WHAT YOU ARE ASKED TO DO >>
After locating the line with "相信ROG的粉丝们对Keys" below, output it and each following line exactly, stopping after the line with "为了帮助2017级研究生新生". No pictures.

RECORDS SUPPLIED >>
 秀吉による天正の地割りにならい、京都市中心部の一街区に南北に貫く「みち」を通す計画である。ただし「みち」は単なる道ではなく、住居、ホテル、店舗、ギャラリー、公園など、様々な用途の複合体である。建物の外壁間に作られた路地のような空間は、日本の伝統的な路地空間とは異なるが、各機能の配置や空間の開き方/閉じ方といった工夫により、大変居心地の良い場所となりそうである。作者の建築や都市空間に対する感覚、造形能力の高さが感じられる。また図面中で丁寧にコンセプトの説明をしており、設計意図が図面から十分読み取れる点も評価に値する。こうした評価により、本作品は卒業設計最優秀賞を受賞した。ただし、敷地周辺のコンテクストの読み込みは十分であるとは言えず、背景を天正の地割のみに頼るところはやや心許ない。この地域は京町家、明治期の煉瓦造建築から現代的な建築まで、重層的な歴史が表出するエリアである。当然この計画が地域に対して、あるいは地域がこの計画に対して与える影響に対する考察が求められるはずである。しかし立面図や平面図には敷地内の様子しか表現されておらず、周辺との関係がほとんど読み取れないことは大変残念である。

==

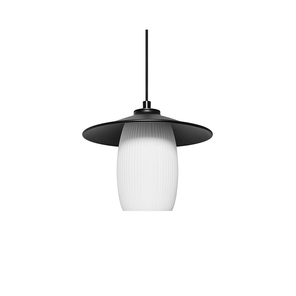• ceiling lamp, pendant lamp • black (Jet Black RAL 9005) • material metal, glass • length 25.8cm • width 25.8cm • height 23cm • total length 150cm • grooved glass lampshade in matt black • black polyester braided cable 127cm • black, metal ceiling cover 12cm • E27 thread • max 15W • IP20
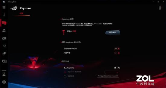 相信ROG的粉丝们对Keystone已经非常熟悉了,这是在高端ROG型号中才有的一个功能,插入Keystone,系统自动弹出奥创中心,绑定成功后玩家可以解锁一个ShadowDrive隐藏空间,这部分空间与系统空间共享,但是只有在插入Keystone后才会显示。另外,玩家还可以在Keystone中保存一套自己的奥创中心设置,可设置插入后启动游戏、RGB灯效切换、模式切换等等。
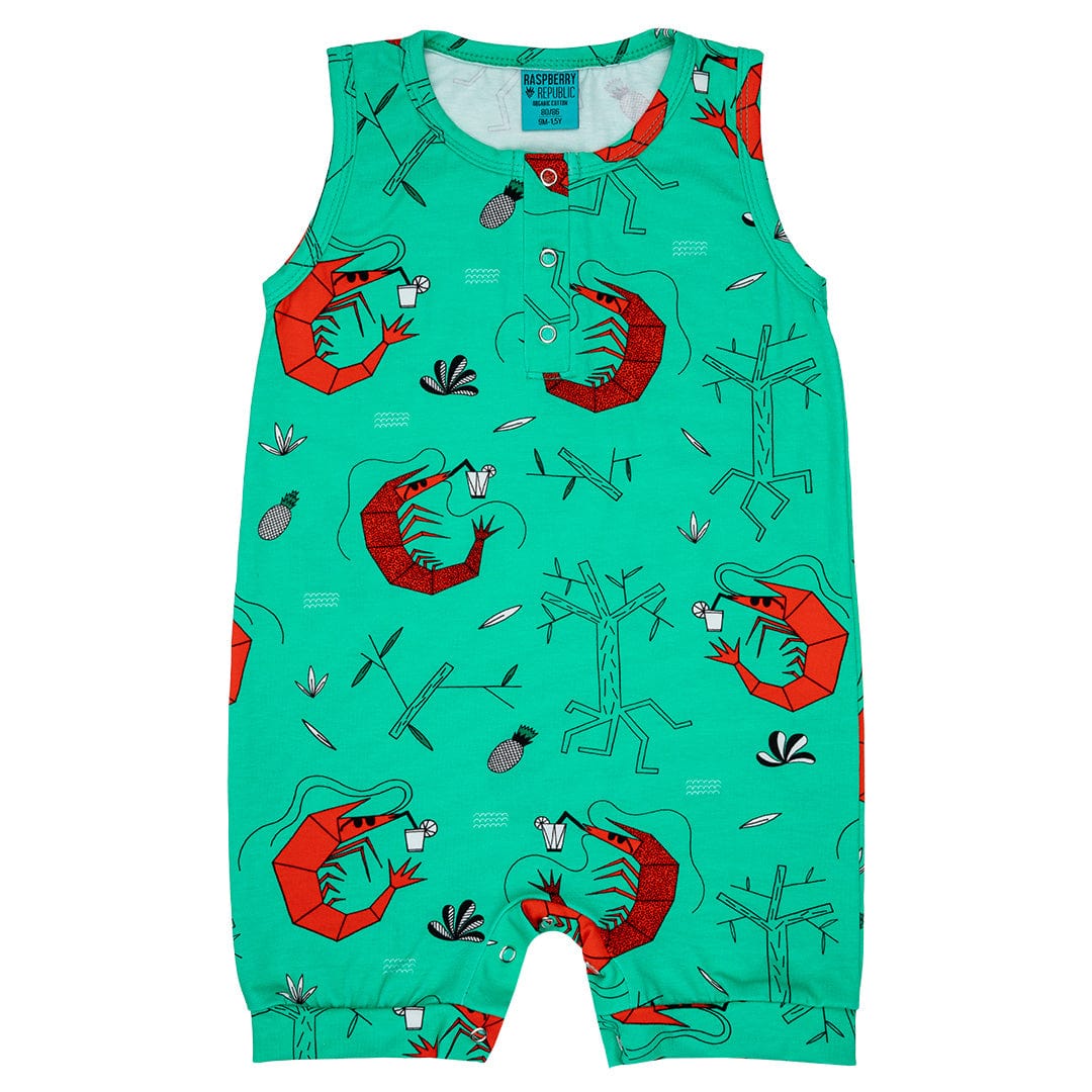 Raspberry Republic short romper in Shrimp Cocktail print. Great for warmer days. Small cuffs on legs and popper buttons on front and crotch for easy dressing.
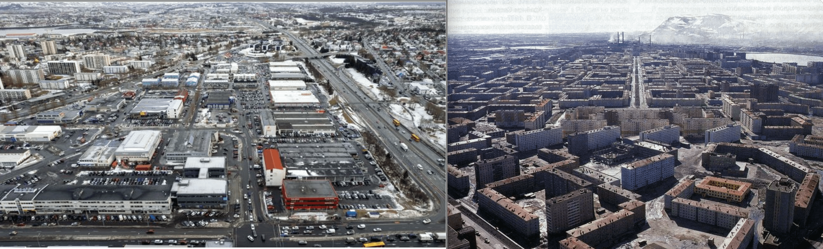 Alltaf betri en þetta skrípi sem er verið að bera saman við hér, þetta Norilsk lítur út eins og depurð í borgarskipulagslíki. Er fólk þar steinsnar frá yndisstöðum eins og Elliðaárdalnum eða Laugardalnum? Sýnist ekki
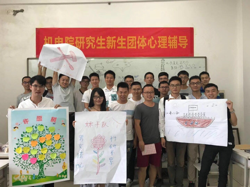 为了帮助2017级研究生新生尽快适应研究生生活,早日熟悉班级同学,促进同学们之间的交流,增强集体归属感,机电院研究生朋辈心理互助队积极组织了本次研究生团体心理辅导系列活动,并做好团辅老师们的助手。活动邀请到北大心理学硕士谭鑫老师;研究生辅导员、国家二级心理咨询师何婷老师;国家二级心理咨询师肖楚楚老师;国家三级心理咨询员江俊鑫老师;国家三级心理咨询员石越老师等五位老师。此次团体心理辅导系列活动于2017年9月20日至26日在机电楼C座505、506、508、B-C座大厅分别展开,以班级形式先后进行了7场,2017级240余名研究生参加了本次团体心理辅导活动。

THE COMPLETED TASK >>
 相信ROG的粉丝们对Keystone已经非常熟悉了,这是在高端ROG型号中才有的一个功能,插入Keystone,系统自动弹出奥创中心,绑定成功后玩家可以解锁一个ShadowDrive隐藏空间,这部分空间与系统空间共享,但是只有在插入Keystone后才会显示。另外,玩家还可以在Keystone中保存一套自己的奥创中心设置,可设置插入后启动游戏、RGB灯效切换、模式切换等等。
 Raspberry Republic short romper in Shrimp Cocktail print. Great for warmer days. Small cuffs on legs and popper buttons on front and crotch for easy dressing.
 Alltaf betri en þetta skrípi sem er verið að bera saman við hér, þetta Norilsk lítur út eins og depurð í borgarskipulagslíki. Er fólk þar steinsnar frá yndisstöðum eins og Elliðaárdalnum eða Laugardalnum? Sýnist ekki
 为了帮助2017级研究生新生尽快适应研究生生活,早日熟悉班级同学,促进同学们之间的交流,增强集体归属感,机电院研究生朋辈心理互助队积极组织了本次研究生团体心理辅导系列活动,并做好团辅老师们的助手。活动邀请到北大心理学硕士谭鑫老师;研究生辅导员、国家二级心理咨询师何婷老师;国家二级心理咨询师肖楚楚老师;国家三级心理咨询员江俊鑫老师;国家三级心理咨询员石越老师等五位老师。此次团体心理辅导系列活动于2017年9月20日至26日在机电楼C座505、506、508、B-C座大厅分别展开,以班级形式先后进行了7场,2017级240余名研究生参加了本次团体心理辅导活动。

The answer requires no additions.